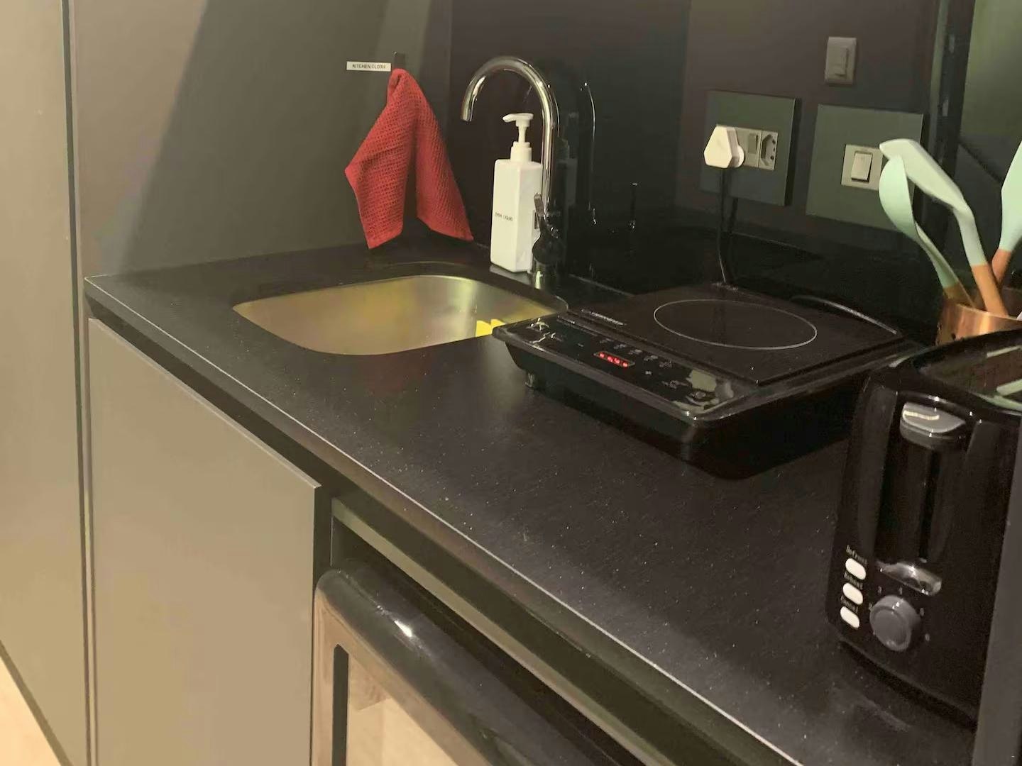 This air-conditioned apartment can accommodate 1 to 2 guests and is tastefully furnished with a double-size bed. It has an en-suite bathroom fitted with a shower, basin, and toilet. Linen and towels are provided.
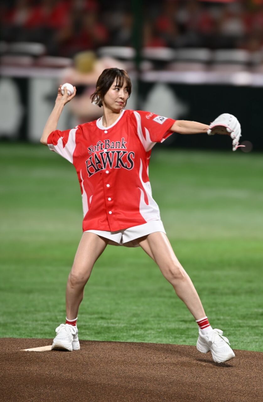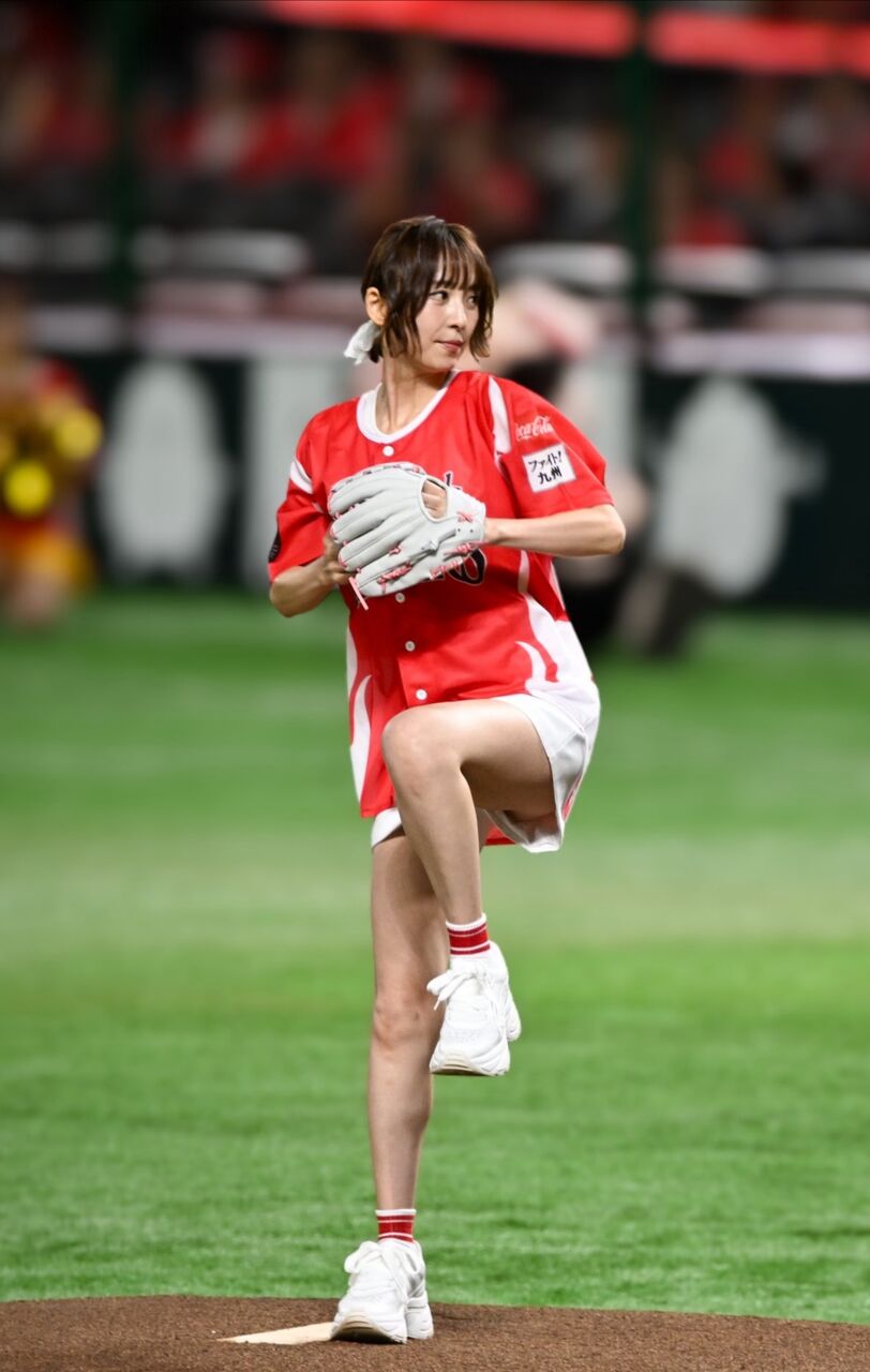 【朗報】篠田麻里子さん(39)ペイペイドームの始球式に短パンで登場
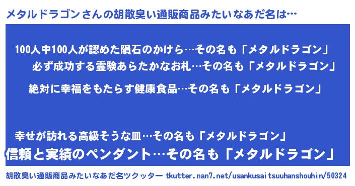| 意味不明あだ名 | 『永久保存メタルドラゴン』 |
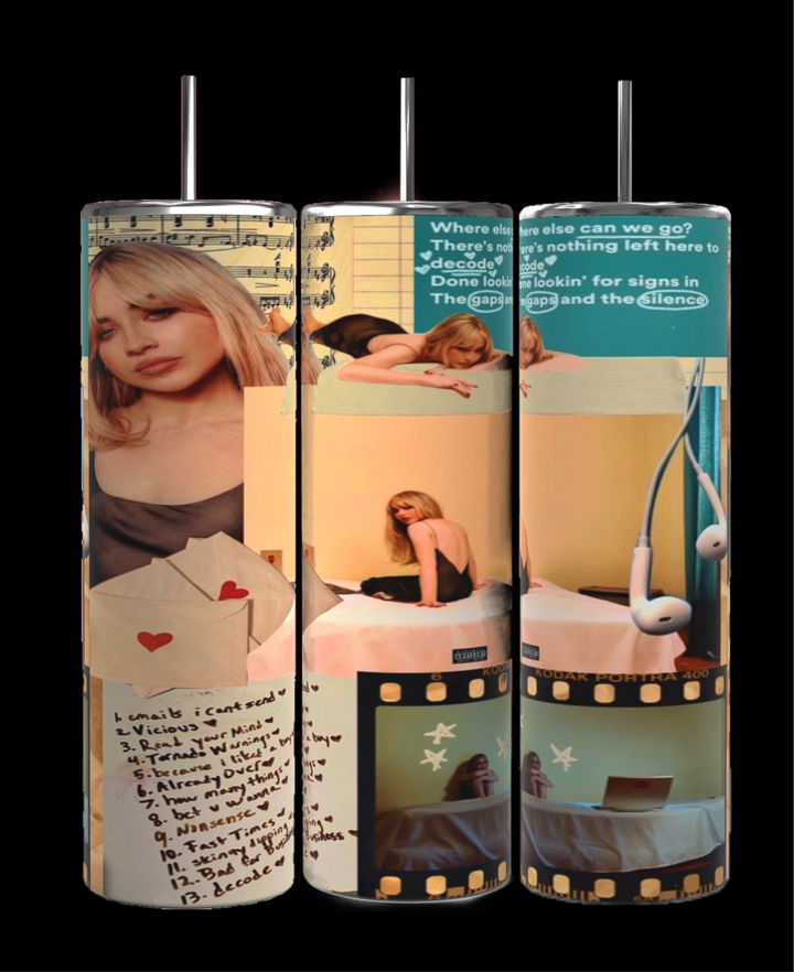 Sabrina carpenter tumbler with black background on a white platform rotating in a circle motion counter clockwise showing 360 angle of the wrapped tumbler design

● ACTIVITY
With images omitted, retype the data word for word.

● SOLUTION FOR THIS EXERCISE
 This air-conditioned apartment can accommodate 1 to 2 guests and is tastefully furnished with a double-size bed. It has an en-suite bathroom fitted with a shower, basin, and toilet. Linen and towels are provided.
 【朗報】篠田麻里子さん(39)ペイペイドームの始球式に短パンで登場
| 意味不明あだ名 | 『永久保存メタルドラゴン』 |
 Sabrina carpenter tumbler with black background on a white platform rotating in a circle motion counter clockwise showing 360 angle of the wrapped tumbler design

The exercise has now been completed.